##### Provided entries #####
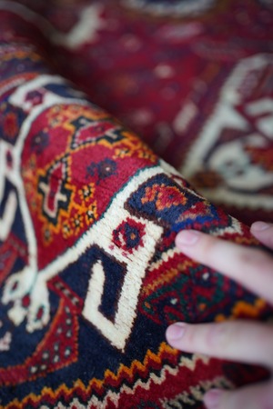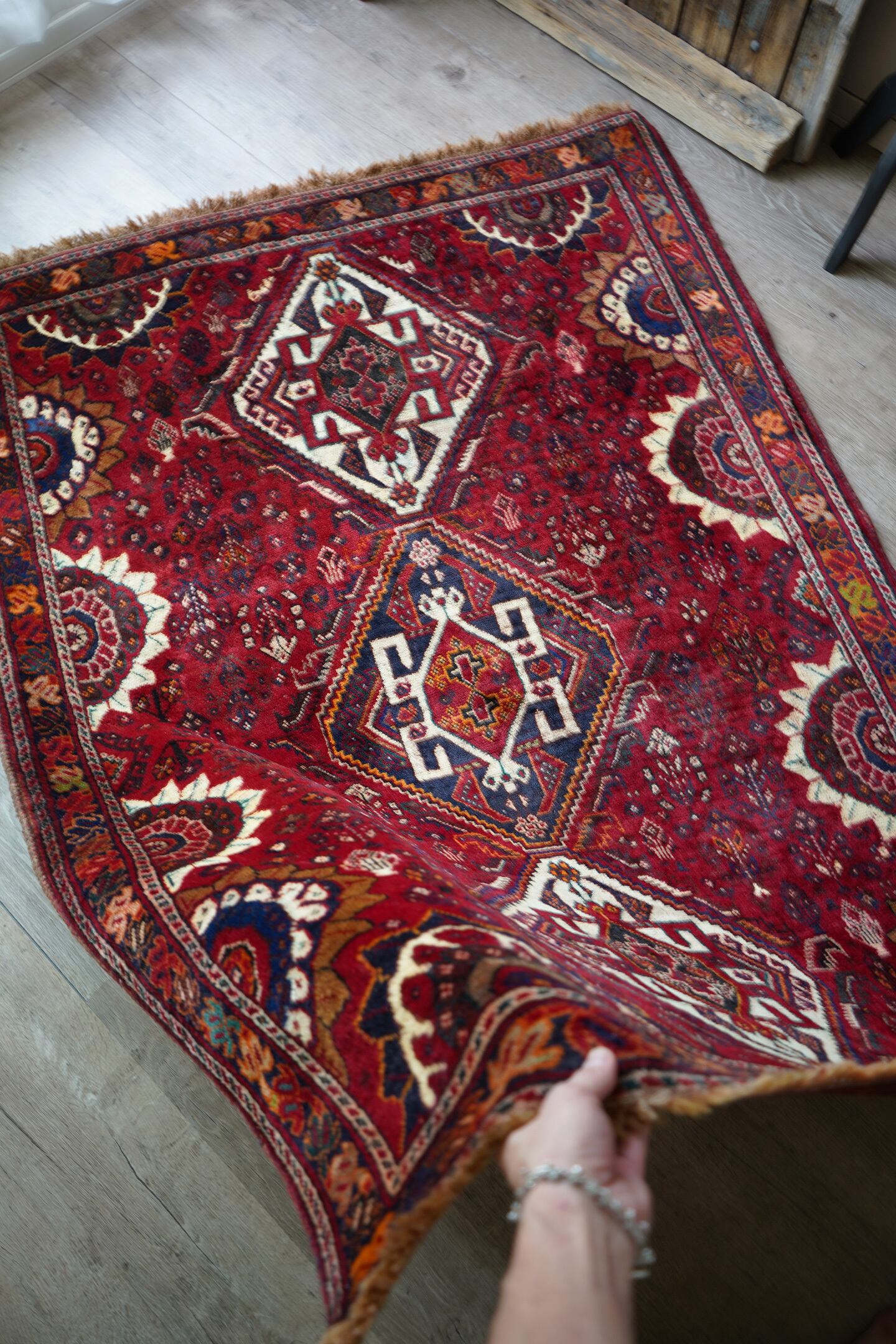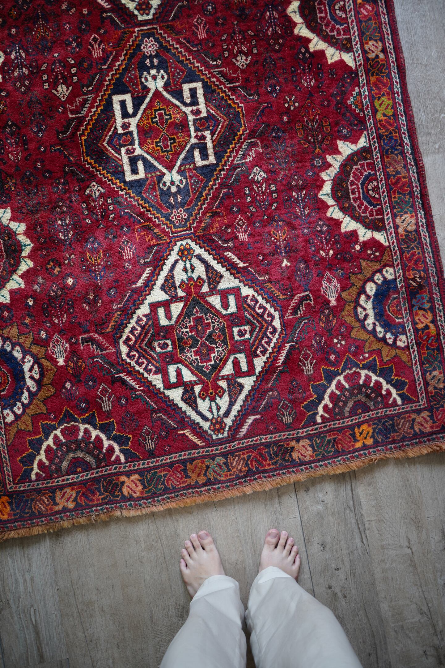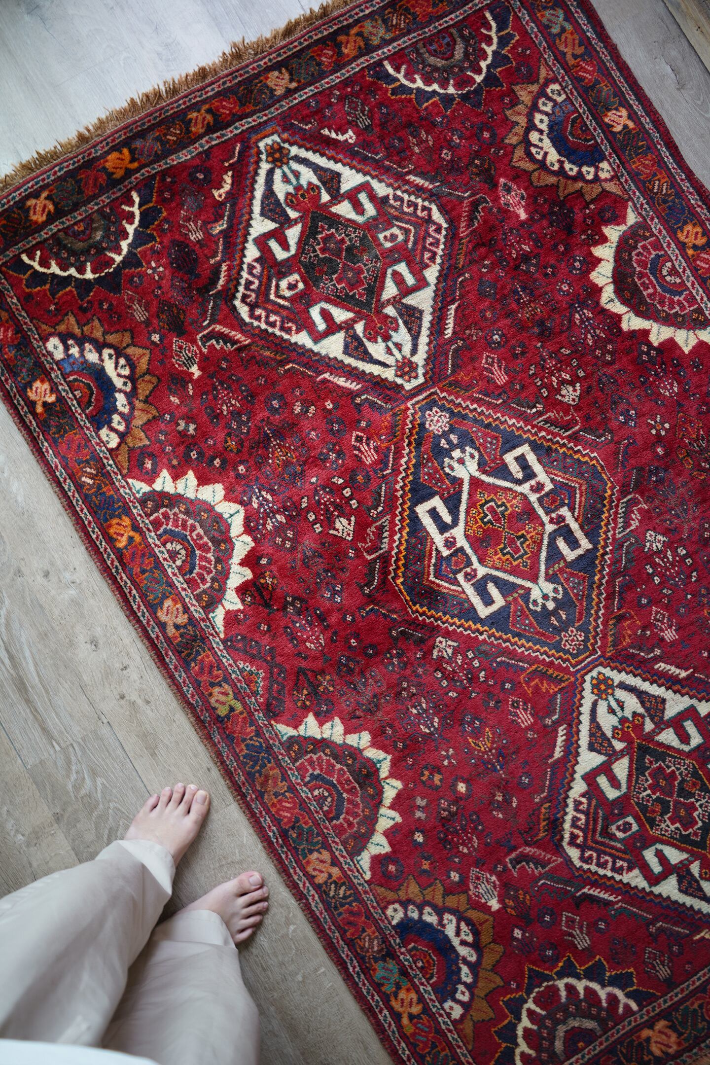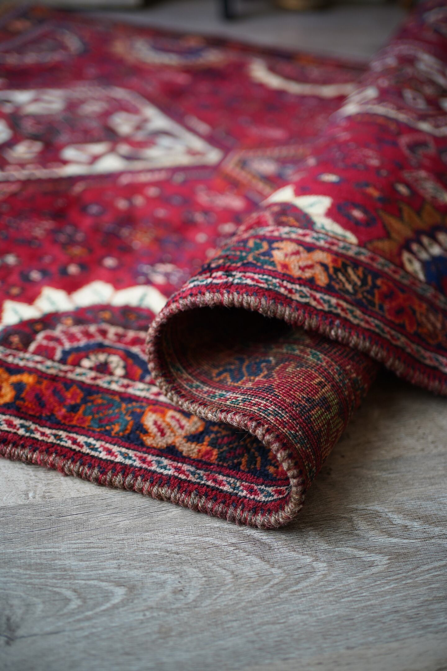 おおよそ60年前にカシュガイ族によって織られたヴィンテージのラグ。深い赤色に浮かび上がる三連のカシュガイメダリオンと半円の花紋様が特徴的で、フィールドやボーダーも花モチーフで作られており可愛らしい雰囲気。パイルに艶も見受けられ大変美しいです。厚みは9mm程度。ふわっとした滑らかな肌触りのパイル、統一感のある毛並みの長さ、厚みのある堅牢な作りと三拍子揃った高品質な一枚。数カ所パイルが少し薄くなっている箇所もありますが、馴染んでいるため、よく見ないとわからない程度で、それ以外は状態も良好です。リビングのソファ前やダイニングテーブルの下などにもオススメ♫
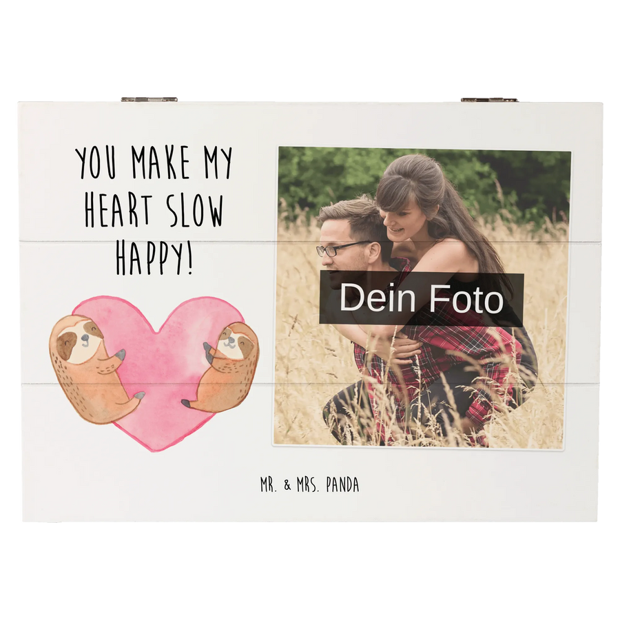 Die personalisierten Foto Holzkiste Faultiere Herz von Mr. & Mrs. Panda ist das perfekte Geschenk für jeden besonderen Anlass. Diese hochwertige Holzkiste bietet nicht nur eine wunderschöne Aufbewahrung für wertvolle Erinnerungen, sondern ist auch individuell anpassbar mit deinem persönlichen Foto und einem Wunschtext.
#####
##### Provided entries #####
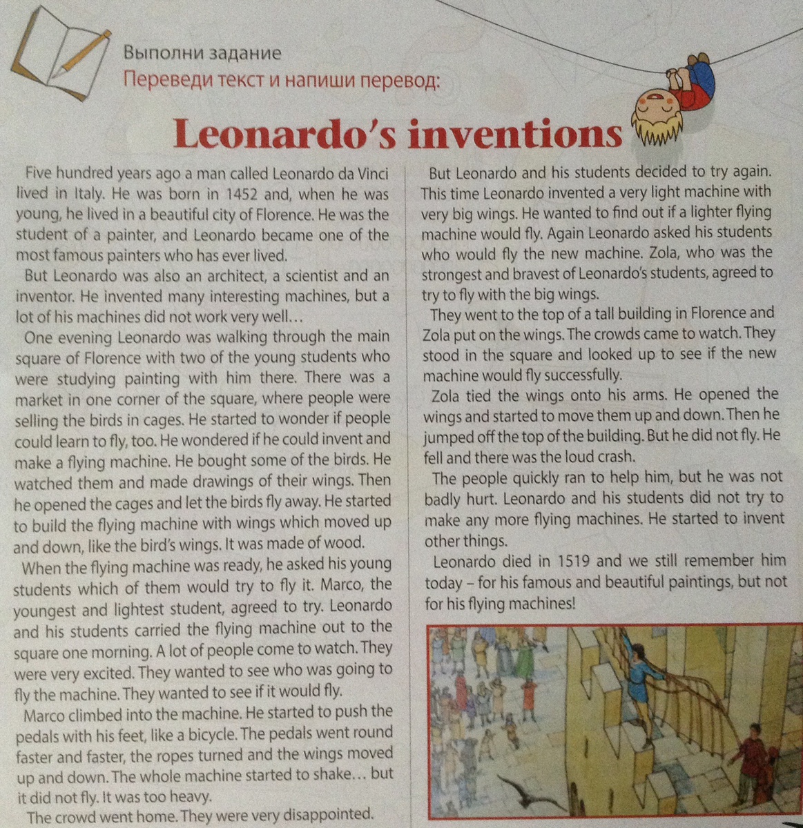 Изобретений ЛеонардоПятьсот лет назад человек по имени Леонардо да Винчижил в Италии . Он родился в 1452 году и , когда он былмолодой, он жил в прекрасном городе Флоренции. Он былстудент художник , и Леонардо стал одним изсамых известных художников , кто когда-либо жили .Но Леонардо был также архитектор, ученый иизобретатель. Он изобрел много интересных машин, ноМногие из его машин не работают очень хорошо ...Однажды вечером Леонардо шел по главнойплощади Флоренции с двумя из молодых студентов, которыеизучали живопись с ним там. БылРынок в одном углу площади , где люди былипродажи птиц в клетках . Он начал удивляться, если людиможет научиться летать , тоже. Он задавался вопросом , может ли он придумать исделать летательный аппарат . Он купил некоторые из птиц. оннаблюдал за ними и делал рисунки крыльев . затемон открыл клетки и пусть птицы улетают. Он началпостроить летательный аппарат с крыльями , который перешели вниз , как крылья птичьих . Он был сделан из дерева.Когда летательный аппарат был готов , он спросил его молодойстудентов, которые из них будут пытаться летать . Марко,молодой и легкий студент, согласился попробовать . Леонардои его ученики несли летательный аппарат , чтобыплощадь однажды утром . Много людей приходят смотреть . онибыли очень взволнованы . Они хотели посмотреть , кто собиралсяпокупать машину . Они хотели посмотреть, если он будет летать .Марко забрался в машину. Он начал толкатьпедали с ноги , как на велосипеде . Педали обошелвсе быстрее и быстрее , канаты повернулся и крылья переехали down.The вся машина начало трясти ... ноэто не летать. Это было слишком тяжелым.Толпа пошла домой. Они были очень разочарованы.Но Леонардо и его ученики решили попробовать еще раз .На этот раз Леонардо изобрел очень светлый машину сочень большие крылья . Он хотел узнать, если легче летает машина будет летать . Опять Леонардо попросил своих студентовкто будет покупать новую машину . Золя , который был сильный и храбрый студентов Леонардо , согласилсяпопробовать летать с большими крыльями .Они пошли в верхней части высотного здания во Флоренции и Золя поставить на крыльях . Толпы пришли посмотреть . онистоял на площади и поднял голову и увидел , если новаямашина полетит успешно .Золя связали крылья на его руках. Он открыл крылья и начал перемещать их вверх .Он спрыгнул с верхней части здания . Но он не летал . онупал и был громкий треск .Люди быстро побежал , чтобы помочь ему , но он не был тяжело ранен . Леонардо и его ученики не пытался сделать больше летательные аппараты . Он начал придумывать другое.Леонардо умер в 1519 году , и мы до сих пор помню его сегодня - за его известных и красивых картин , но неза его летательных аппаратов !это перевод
#####
Only the lines above from the one containing "おおよそ60年前にカシュガイ" through the one containing "Die personalisierten Foto" should be returned, verbatim and inclusive, with pictures excluded.

 おおよそ60年前にカシュガイ族によって織られたヴィンテージのラグ。深い赤色に浮かび上がる三連のカシュガイメダリオンと半円の花紋様が特徴的で、フィールドやボーダーも花モチーフで作られており可愛らしい雰囲気。パイルに艶も見受けられ大変美しいです。厚みは9mm程度。ふわっとした滑らかな肌触りのパイル、統一感のある毛並みの長さ、厚みのある堅牢な作りと三拍子揃った高品質な一枚。数カ所パイルが少し薄くなっている箇所もありますが、馴染んでいるため、よく見ないとわからない程度で、それ以外は状態も良好です。リビングのソファ前やダイニングテーブルの下などにもオススメ♫
 Die personalisierten Foto Holzkiste Faultiere Herz von Mr. & Mrs. Panda ist das perfekte Geschenk für jeden besonderen Anlass. Diese hochwertige Holzkiste bietet nicht nur eine wunderschöne Aufbewahrung für wertvolle Erinnerungen, sondern ist auch individuell anpassbar mit deinem persönlichen Foto und einem Wunschtext.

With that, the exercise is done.